# WHAT IS EXPECTED
Once the line with "Most of us have" is found in the data, output it and each following line exactly, up to and including the line with "Darčeková sada guľôčkové", and nothing before or after.

# SUPPLIED ENTRIES
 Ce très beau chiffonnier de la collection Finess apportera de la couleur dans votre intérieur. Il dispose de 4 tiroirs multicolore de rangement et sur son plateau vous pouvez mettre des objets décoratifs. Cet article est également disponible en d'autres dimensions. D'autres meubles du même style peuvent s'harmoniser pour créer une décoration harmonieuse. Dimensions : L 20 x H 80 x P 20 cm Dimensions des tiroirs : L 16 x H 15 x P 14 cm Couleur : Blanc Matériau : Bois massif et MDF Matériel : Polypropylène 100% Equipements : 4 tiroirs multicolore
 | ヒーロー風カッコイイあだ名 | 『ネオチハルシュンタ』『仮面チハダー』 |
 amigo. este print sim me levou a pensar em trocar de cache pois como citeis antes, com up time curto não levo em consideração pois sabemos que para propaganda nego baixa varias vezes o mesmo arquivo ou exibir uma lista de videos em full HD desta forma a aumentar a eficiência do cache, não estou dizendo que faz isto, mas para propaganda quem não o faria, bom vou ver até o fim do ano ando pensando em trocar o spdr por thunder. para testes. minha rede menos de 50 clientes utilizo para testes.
==
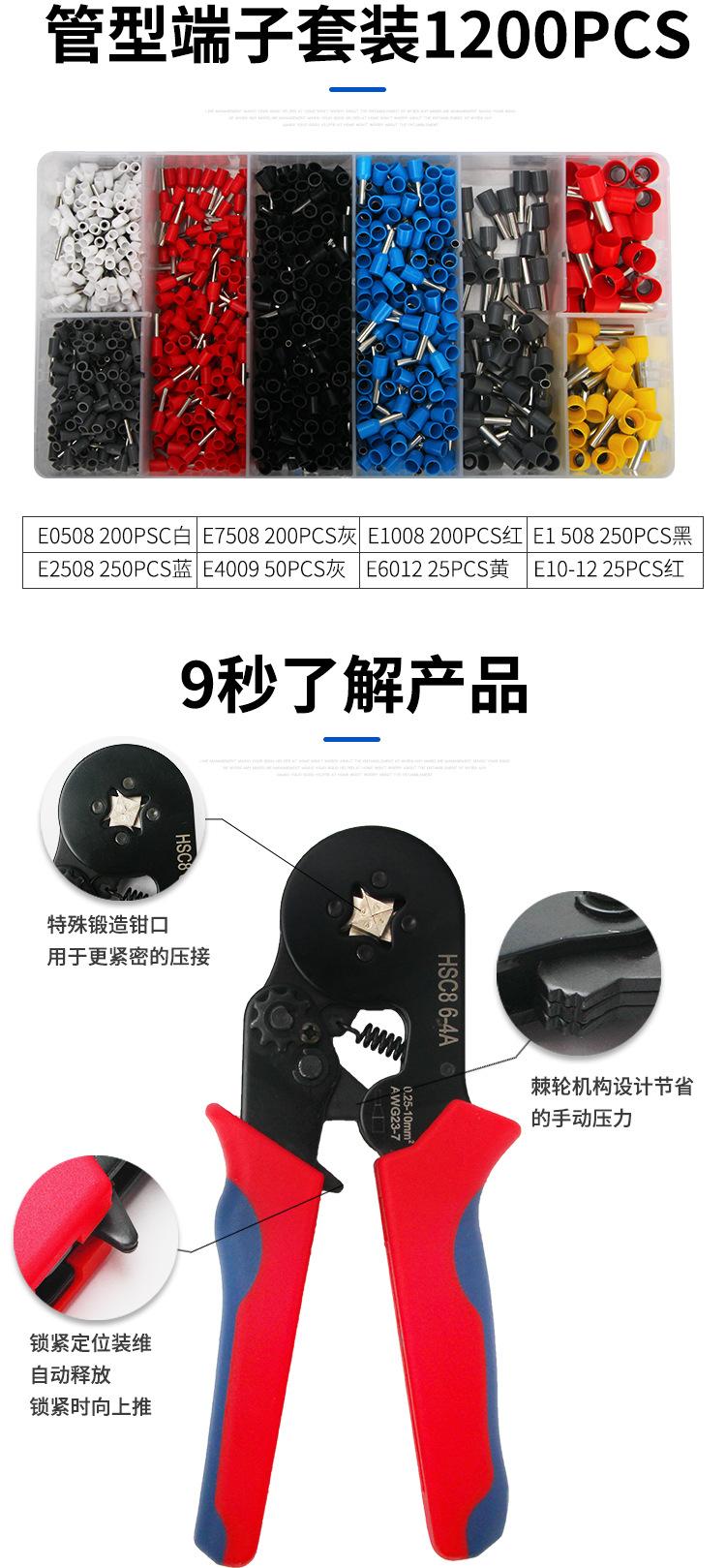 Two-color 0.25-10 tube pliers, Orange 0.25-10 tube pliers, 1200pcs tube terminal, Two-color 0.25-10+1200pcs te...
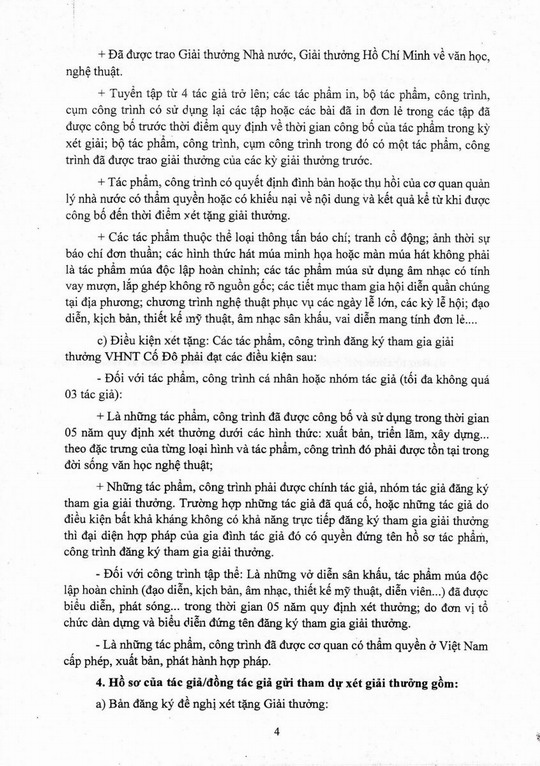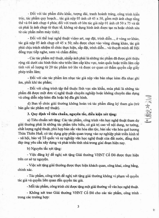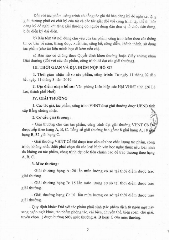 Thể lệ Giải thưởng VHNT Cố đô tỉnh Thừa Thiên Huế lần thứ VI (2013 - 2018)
---
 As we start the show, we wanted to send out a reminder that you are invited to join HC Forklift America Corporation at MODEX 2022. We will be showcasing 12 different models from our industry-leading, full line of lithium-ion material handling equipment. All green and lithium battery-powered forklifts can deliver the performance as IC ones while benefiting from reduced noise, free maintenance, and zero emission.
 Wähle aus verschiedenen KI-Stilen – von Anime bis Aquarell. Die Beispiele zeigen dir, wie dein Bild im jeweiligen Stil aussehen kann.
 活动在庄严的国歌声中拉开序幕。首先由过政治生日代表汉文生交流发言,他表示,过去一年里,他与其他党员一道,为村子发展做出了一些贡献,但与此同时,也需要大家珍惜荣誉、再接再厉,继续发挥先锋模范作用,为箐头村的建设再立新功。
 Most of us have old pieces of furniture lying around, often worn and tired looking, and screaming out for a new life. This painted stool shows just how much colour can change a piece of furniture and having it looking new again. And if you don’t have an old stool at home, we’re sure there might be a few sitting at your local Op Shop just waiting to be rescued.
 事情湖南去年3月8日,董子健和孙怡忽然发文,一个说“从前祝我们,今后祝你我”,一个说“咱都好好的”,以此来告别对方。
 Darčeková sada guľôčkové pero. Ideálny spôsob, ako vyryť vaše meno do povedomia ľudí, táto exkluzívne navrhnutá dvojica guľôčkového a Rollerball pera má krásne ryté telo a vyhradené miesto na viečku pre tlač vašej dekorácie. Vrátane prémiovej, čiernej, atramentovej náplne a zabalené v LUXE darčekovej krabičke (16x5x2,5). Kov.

# SOLUTION FOR THIS PROBLEM
 Most of us have old pieces of furniture lying around, often worn and tired looking, and screaming out for a new life. This painted stool shows just how much colour can change a piece of furniture and having it looking new again. And if you don’t have an old stool at home, we’re sure there might be a few sitting at your local Op Shop just waiting to be rescued.
 事情湖南去年3月8日,董子健和孙怡忽然发文,一个说“从前祝我们,今后祝你我”,一个说“咱都好好的”,以此来告别对方。
 Darčeková sada guľôčkové pero. Ideálny spôsob, ako vyryť vaše meno do povedomia ľudí, táto exkluzívne navrhnutá dvojica guľôčkového a Rollerball pera má krásne ryté telo a vyhradené miesto na viečku pre tlač vašej dekorácie. Vrátane prémiovej, čiernej, atramentovej náplne a zabalené v LUXE darčekovej krabičke (16x5x2,5). Kov.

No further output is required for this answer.